優秀なオタク社員の上手な使い方

【著者】ジョン・M・イワンセビッチ/トーマス・N・デューニング
【訳者】村井裕美【発行所】ダイヤモンド社
【発行年月】2002年11月28日【本体価格】1,700円
【ページ数】238p【ISBN】4-478-36055-3

プログラマー、SE、WEBデザイナーなどのIT技術者に限らず、現代のすべての技術者は、デジタル世代のハイテク労働者であり、既存の会社理論とは異なったカルチャーを持つ。これまでの「古典的」人事管理はもはや通用しない。
本書 見返し裏 より抜粋

形振りはかまっていないと一目でわかるスタイル、独特の「身内」用語を連発し周囲を排除してしまう、そんなちょっと「個性的」な人を、我々は「オタク」と呼ぶ。彼らは、強いモチベーションを保ちながら、興味のある分野に強い関心を寄せる。そんな彼らが仕事に就く…。

そう、そんな時代がやってきたのだ。パソコンが各家庭に普及し、学生の頃から慣れ親しんだ若者が、実社会に進出してきた。そんな「オタク的」な彼らのことを、本書では「アインシュタイン」と呼ぶ。かの有名な物理学者の名を借りて、彼らの特徴と、その接する方法について掘り下げていく。

彼らは「豊かな技術的知識と知的好奇心を持ち、クールに働き、自発的行為にこだわる」特徴を有すると、本書にはある。端から見れば静かに淡々と仕事をこなしているとしか思えないが、彼らの実力は測り知れないものだ。まさに、アインシュタインという名がふさわしい、素晴らしい人材なのだと。

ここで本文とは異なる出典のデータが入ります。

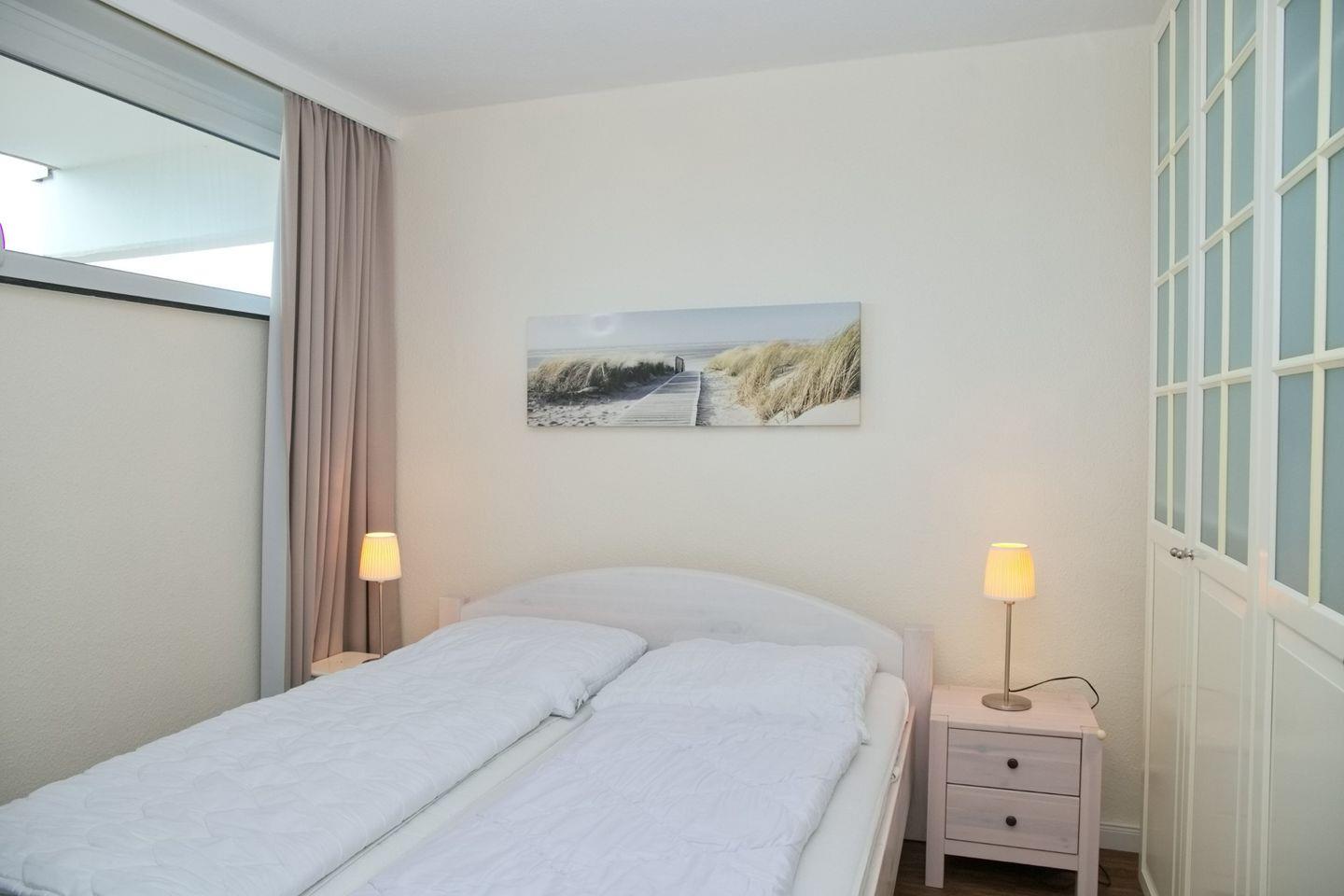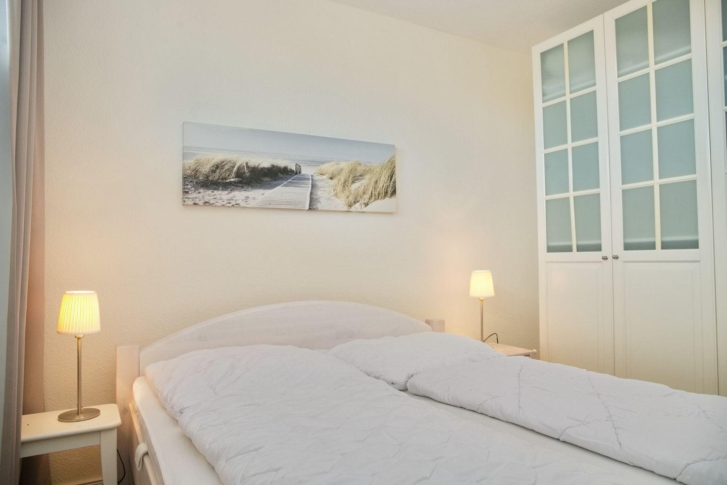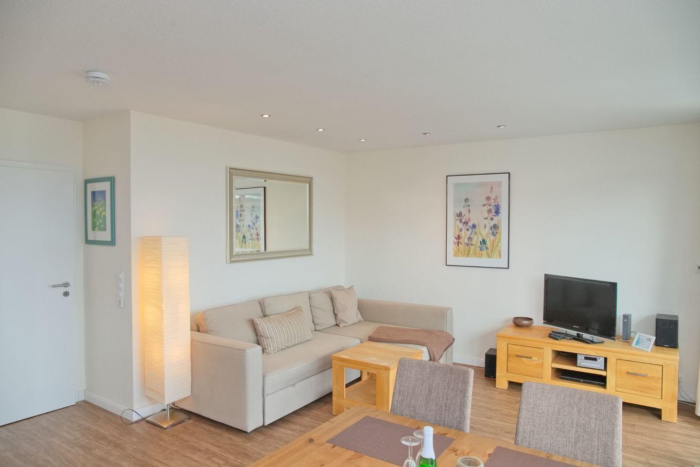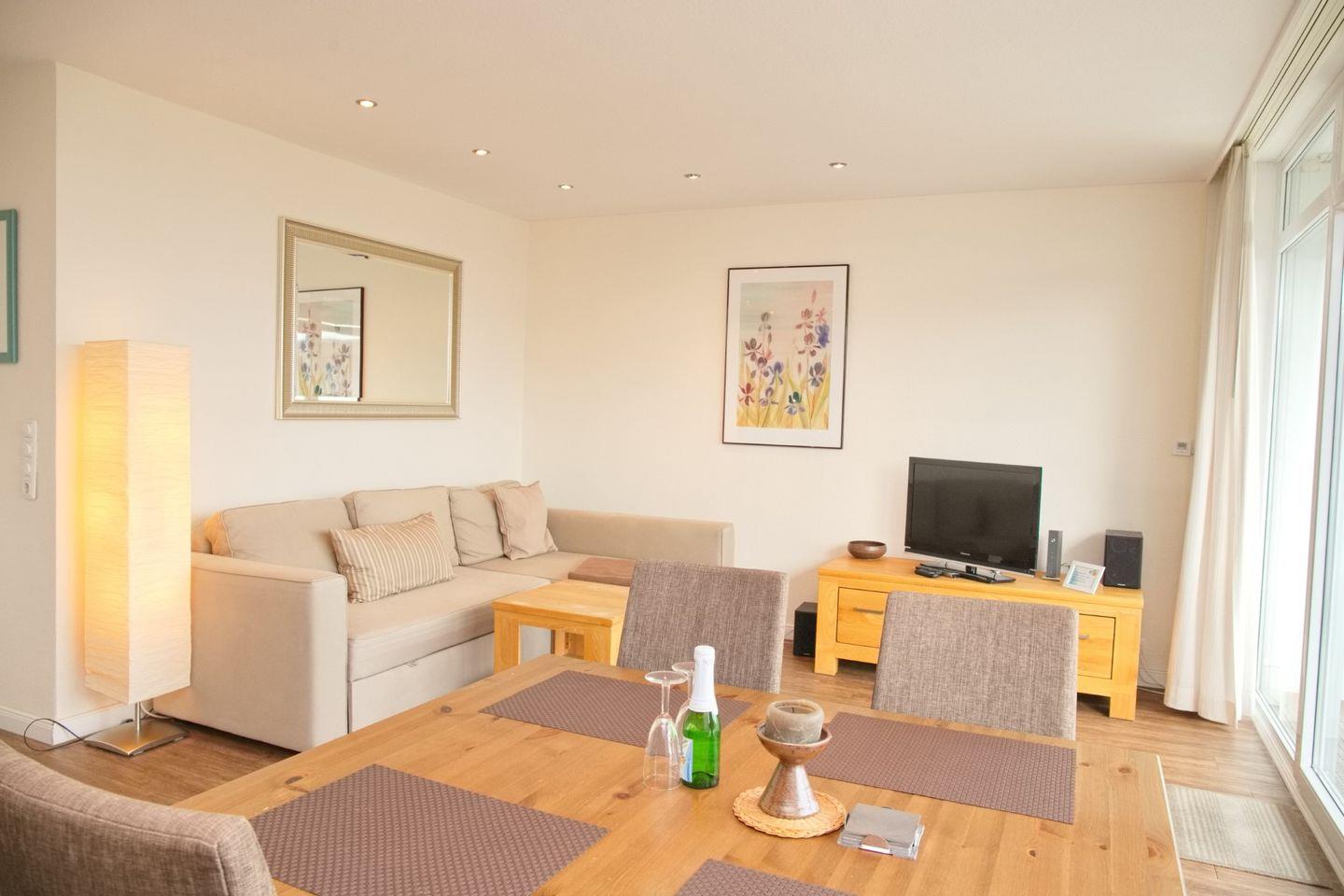 Die nur 2 Gehminuten vom Strand entfernte, im 2 Obergeschoss liegende Ferienwohnung mit möblierten Balkon ist modern und geschmackvoll eingerichtet. Die offene Einbauküche ausgestattet mit einem Cerankochfeld, Backofen, einem Kühlschrank, einem Geschirrspüler, Kaffeemaschine, Wasserkocher sowie einem Toaster geht in das stilvolle Wohnzimmer mit der ausziehbaren Eckcouch, einem Flach-TV, einem Radio/CD, einem BlueRay-Player und dem Essplatz für 4 Personen über. Das gemütliche Schlafzimmer bietet Ihnen ein Doppelbett sowie einen Kleiderschrank zum Verstauen Ihrer Anziehsachen. Da das Schlafzimmer nicht allzu groß ist, passt kein Kinderbett hinnein.

そんな彼らを育て、会社の利益を上げるための、管理職に与えられた役割はズバリ「彼らを応援すること!」だという。彼らの知識に追いつき、技術を磨こうとしても、それは無駄な努力。上司としての権威が無くなってしまうのだ。彼らが上司に求めるものは、働きやすい環境を整えてくれること。

仕事をしていく上で、難解な課題を解くこと、それがアインシュタインのモチベーションである。ゲームと同じスタイルと推測される。管理者としては難題を彼らに解かせればよいだけの話。それが会社の利益につながるのだから。そのゲームをストレスなくクリアさせるには、どうすればよいのか?

本書では「アインシュタイン」の管理方法を、上司の立場から、心理学的、科学的観点からアプローチし、多くの実践例を上げて解説する。彼らのモチベーションを高める方法、転職させない方法、アインシュタインのチームを作る、維持する方法など、実にリアルに、詳しく伝授していく。

「なぜ部下に対してそこまでしなければいけないのか!」と、疑問に思ったりもするだろう。しかし、本書を読み終えればきっとわかる。人にはそれぞれ役割があり、経験豊富な智恵と力で、部下の力を引き出すことで、会社の成功を導き出すことは、とても大切なことなのだと。

CDケースを思わせるサイズと装丁。そして、大切なことは繰り返される平易な文章。しかし、スラスラと読めるわけではない。なぜなら、いちいちかみ締めながら、うなづきながら読んでしまうからだ。そして、アインシュタインは、決して珍しいものではないことに気づく。そう、目の前にもいる。